In other news, I have nicknamed one of my new co-workers Hipster McKnowItAll, for what I think may be obvious reasons, so I won't bother to explain it to you in graphic detail as if you were a nitwit, because I'm learning recently, first hand, how very annoying that can be. I will tell you this: she's an obnoxious 23 year old, who never runs out of ways to insert how she has lived in France* into unrelated conversations. She doesn't seem to realize that anyone else on earth or in America, aside from her has ever been to France and almost every day there is some point at which, I want to stab her in the face. Shut up kid.
While I'm speaking of my little hipster, know-it-all friend, I would also like to make the observation that isn't it odd how people who one might consider to be a hipster often themselves express annoyance of hipsters? No one ever owns their hipster-ness.
Let's see what else...oh yes, next month my whole department is moving to a different building in the complex. Our big boss manager lady just informed us the other day that the new cube configurations are going to have only 3 foot walls. This news seemed to bum everyone out, but frankly I don't give a shit as long as my new cublicle isn't right next to the kitchen like where I sit now. It stinks. Sometimes it smells nice, like the when the nice person makes cinnamon toast every day at 9:05 (you know who you are and I lurve you), but mostly it's burnt popcorn and god only knows what. People heat up some weird shit. I swear the other day someone microwaved a giant fart. I had to leave the area for awhile. Perhaps it was brussels sprouts, who can say? Either way I'd like my cube as far away from the fucking kitchen as humanly possible please.
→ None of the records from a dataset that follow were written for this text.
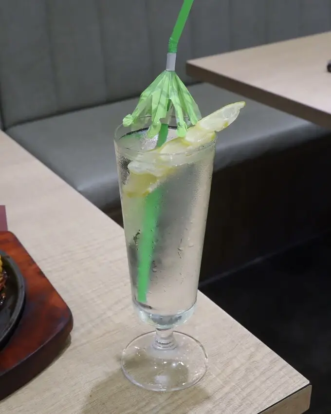 ▼沒想到這裡也有酒精飲品耶!「冰結檸檬沙瓦」裡頭加了自己醃漬的檸檬片,酸甜清爽很解膩。有點像七喜的味道,我很喜歡
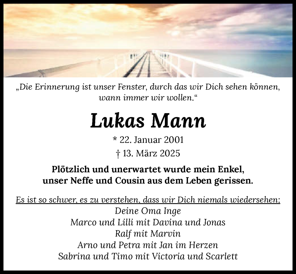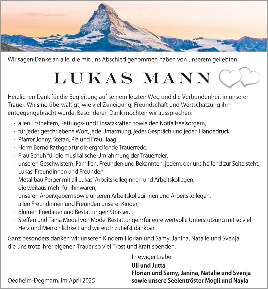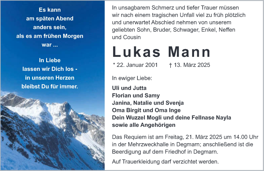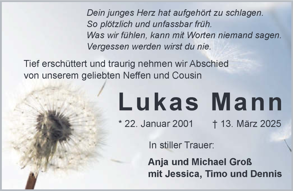 Hier finden Sie alle Traueranzeigen aus der Zeitung, die bisher für Lukas Mann erschienen sind. Weitere Traueranzeigen, die in der Zeitung erscheinen, werden hier ebenfalls aufgelistet
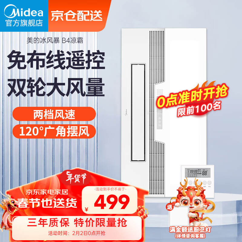 美的(Midea)凉霸厨房卫生间集成吊顶照明一体冷霸冷风机遥控摆风排气换气吹风价格:499.00元!

Anyhoo... that's it for now. It's Friday, MDH just put some burgers on the grill (which smell fantastic BTW and not at all like brussels sprouts**) and I'm going to enjoy a nice cold beer before it starts snowing. I realize that it's only October 1st, but hey, it's Michigan, it could happen.
*for 6 months as part of a student exchange program - get over it!
**I happen to love brussels sprouts, but they reek, as do all other people's left overs. That's just the law of nature - only your own left overs smell good - they reek to everyone else.